───── MATERIAL SHOWN

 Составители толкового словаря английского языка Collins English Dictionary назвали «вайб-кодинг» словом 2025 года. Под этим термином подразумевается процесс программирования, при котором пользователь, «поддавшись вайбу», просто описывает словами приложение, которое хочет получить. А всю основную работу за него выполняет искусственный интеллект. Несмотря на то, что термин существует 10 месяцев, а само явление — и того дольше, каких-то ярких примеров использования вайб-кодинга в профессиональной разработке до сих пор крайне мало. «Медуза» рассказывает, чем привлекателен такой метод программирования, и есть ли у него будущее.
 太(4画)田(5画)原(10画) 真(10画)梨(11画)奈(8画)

──────────
───── MATERIAL SHOWN

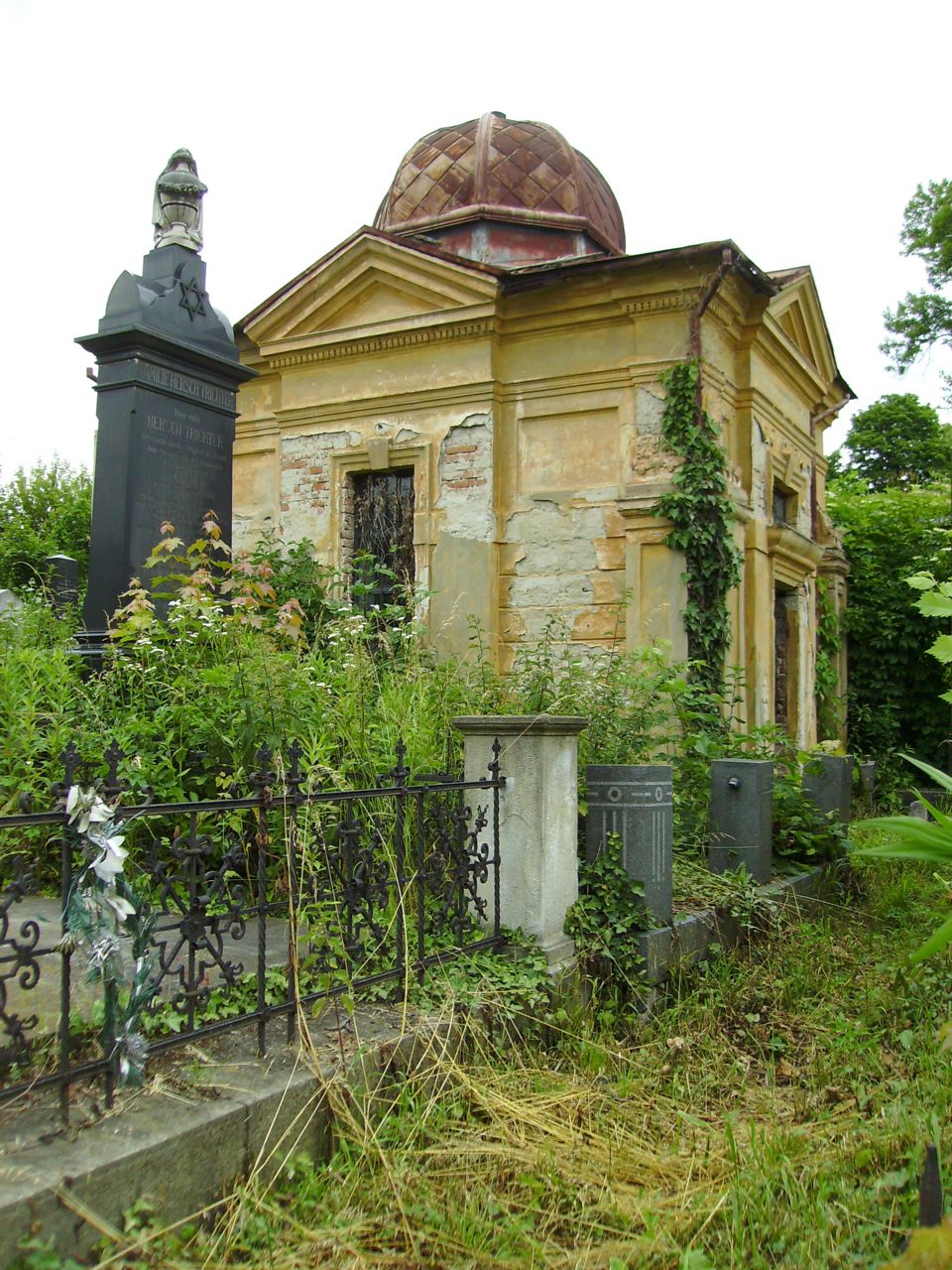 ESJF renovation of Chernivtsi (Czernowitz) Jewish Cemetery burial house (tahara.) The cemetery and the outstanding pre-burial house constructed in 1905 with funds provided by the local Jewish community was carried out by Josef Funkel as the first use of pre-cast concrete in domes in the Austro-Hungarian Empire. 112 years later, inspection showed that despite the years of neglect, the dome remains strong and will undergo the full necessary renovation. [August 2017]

──────────
───── MATERIAL SHOWN

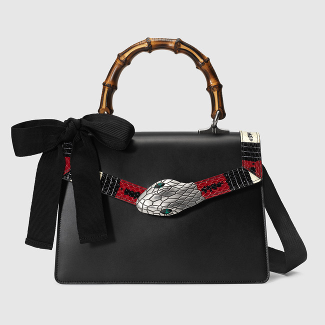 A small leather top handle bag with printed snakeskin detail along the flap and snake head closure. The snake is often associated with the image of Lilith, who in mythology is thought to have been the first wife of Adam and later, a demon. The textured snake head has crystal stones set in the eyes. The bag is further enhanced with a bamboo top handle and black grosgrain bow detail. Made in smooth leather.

──────────

In the listing above, find the line containing "Составители толкового словаря" and the line containing "太(4画)田(5画)原(10画) 真(10画)梨(11画)奈(8画)", then quote both, plus every line between them, exactly as written.

 Составители толкового словаря английского языка Collins English Dictionary назвали «вайб-кодинг» словом 2025 года. Под этим термином подразумевается процесс программирования, при котором пользователь, «поддавшись вайбу», просто описывает словами приложение, которое хочет получить. А всю основную работу за него выполняет искусственный интеллект. Несмотря на то, что термин существует 10 месяцев, а само явление — и того дольше, каких-то ярких примеров использования вайб-кодинга в профессиональной разработке до сих пор крайне мало. «Медуза» рассказывает, чем привлекателен такой метод программирования, и есть ли у него будущее.
 太(4画)田(5画)原(10画) 真(10画)梨(11画)奈(8画)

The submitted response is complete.